The method 1800 may also include advancing the catheter distally along the needle a catheter distance (block 1850) such that the distal end of the catheter is displaced from a position proximal of the distal end of the needle to a position distal of the distal end of the needle. In some embodiments of method 1800, distally advancing the catheter includes distally displacing a slider of the catheterization apparatus assembly a slider distance relative to a housing of the catheterization apparatus assembly, and wherein the slider distance is greater than the catheter distance.
In some embodiments of method 1800, distally displacing the slider includes rotating the lever about a fulcrum, wherein the fulcrum is coupled with a hub of the catheter, a hub of the needle, or the housing.

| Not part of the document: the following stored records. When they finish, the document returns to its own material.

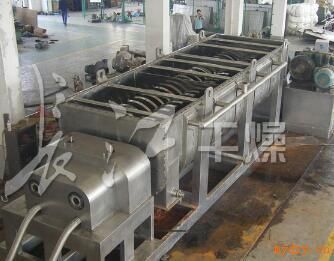 空心槳葉(污泥)干燥機工作原理: 空心軸上密集排列著楔型中空漿葉,熱介質經空心軸流經漿葉。單位有效容積內傳熱面積很大,熱介質溫度從-40℃到320℃,可以是水蒸汽,也可以是液體型:如熱水、導熱油等。間接傳導加熱,沒有攜帶空氣帶走熱量,熱量均用來加熱物料。熱量損失僅為通過器體保溫層向環境的散熱。楔型漿葉傳熱面具有自清潔功能。物料顆粒與楔型面的相對運動產生洗刷作用,能夠洗刷掉楔型面上附著物料,使運轉中一直保持著清潔的傳熱面。漿葉干燥機的殼體為Ω型,殼體內一般安排二到四根空心攪拌軸。殼體有密封端蓋與上蓋,防止物料粉塵外泄而充分發揮作用。傳熱介質通過旋轉接頭,流經殼體夾套及空心攪拌軸,空心攪拌軸依據熱介質的類型而具有不同的內部結構,以保證理想的傳熱效果
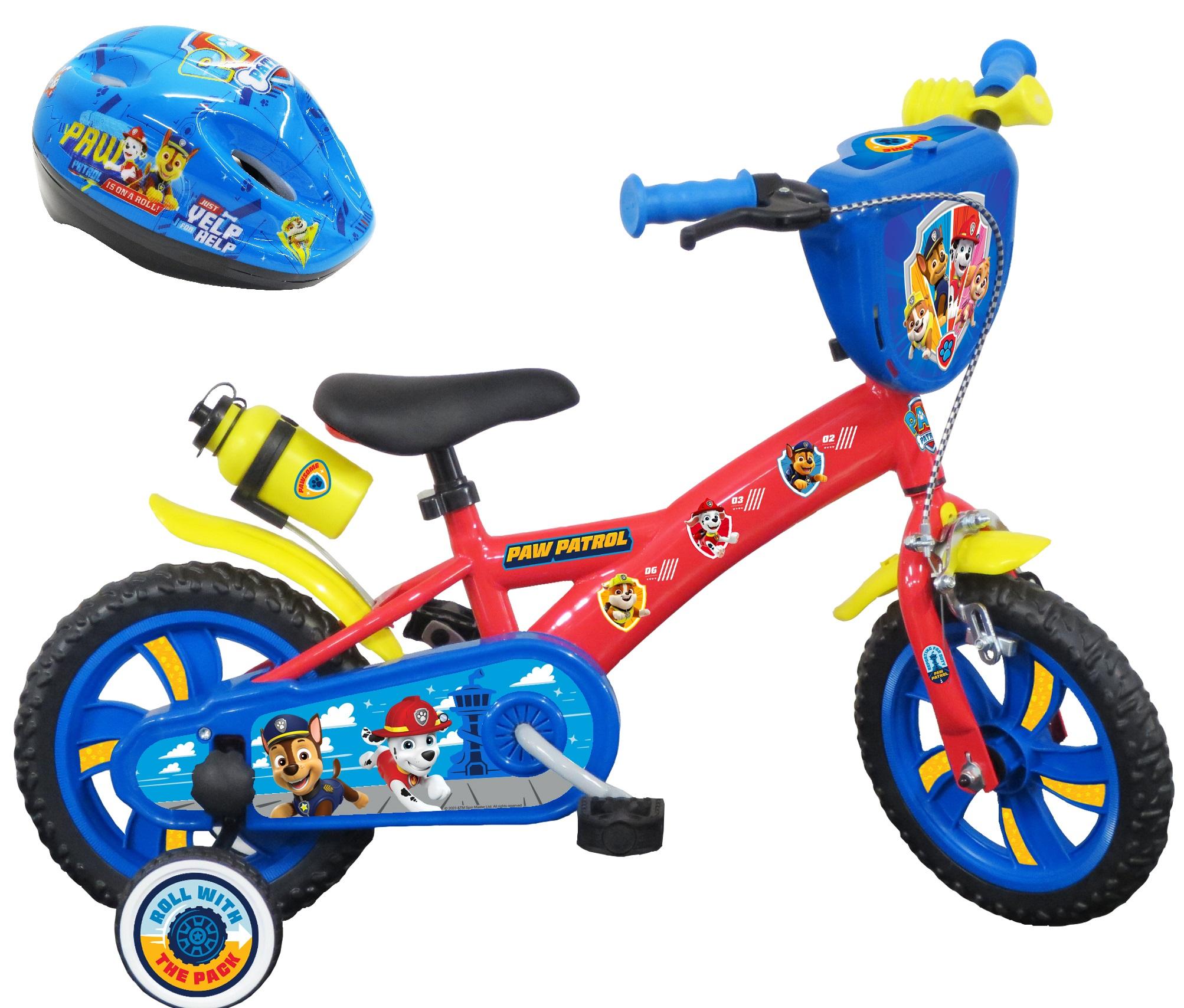 Vélo enfant - Modèle 12'' Pat Patrouille + Casque pour enfant de 85/100 cm avec stabilisateurs - Plaque décorative avant - Porte bidon - 1 frein et roues à bâtons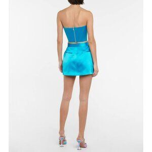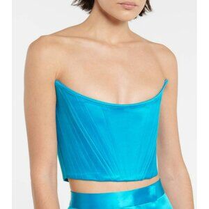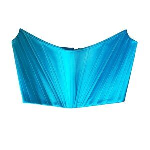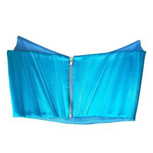 Alex Perry Teal Blue Bennet Cotton Silk Satin Bustier Corset Top UK 8 US 4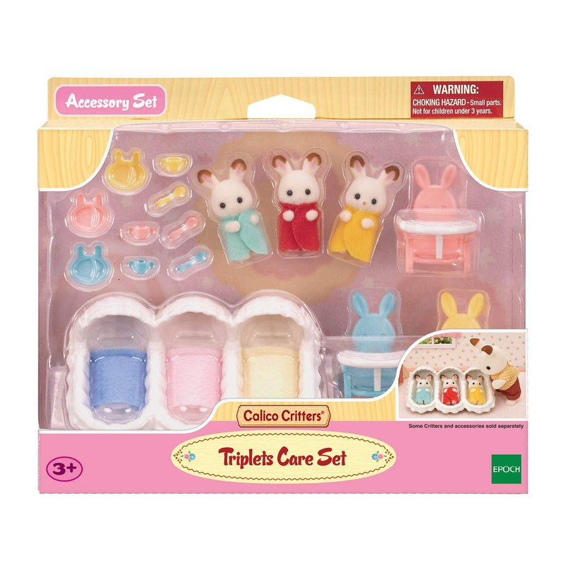 Calico Critters Triplets Care Set - Dollhouse Playset with 3 Hopscotch Rabbit Figures & Accessories Included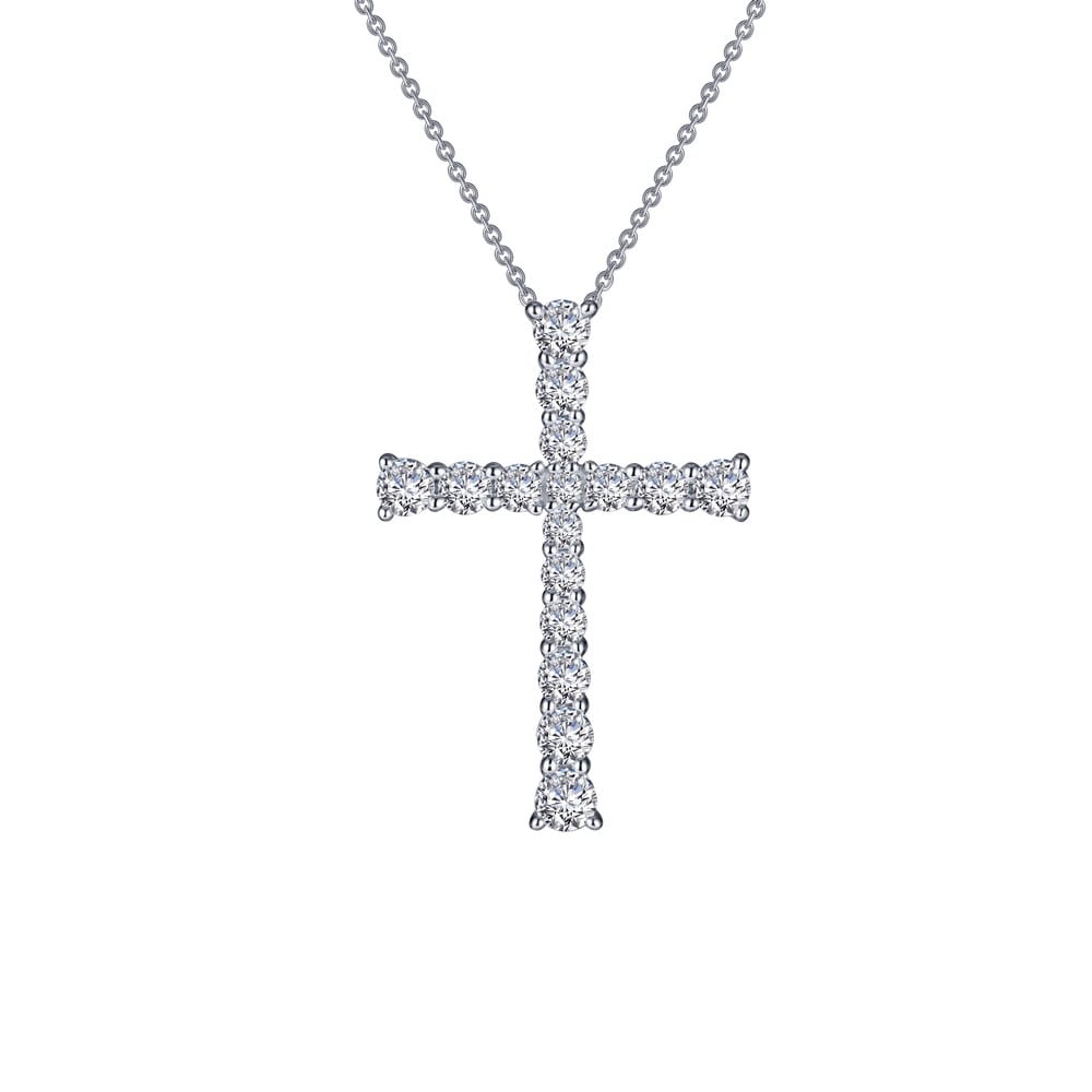A timeless classics cross pendant is set with simulated diamonds in sterling silver bonded with platinum The pendant comes on an adjustable 18 inch chain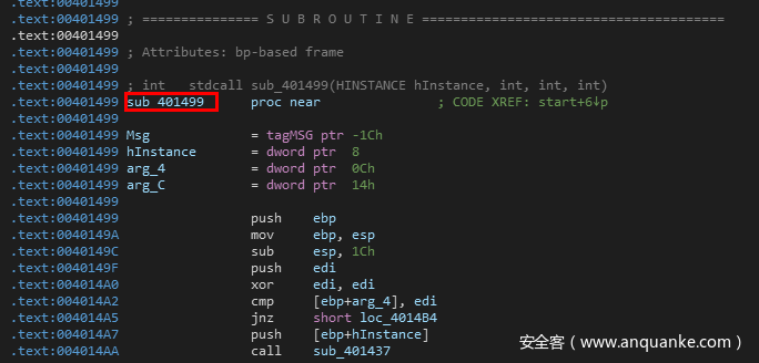 接着push了四个eax(0)入栈,然后通过call指令调用sub_401499函数。

In some embodiments of method 1800, the catheterization apparatus includes a tension member having: (i) a first end coupled to the slider; (ii) a second end coupled to the housing; and (iii) a ring portion coupled to the catheter. In such embodiments, distal displacement of the slider relative to the housing causes the ring portion to displace the catheter distally along the needle.
In some embodiments of method 1800, the catheterization apparatus includes: (i) a first rack coupled to the slider; (ii) a second rack coupled to the housing; and (iii) a pinion coupled to the conduit, wherein the pinion is in mesh with the first rack and the second rack. In such embodiments, distal displacement of the slider relative to the housing causes the pinion to rotate and displace distally along the housing, thereby causing the catheter to displace distally along the needle.
Embodiments of the invention may be embodied in other specific forms without departing from the spirit of the disclosure. The described embodiments are to be considered in all respects only as illustrative and not restrictive. The scope of the embodiments is, therefore, indicated by the appended claims rather than by the foregoing description. All changes which come within the meaning and range of equivalency of the claims are to be embraced within their scope.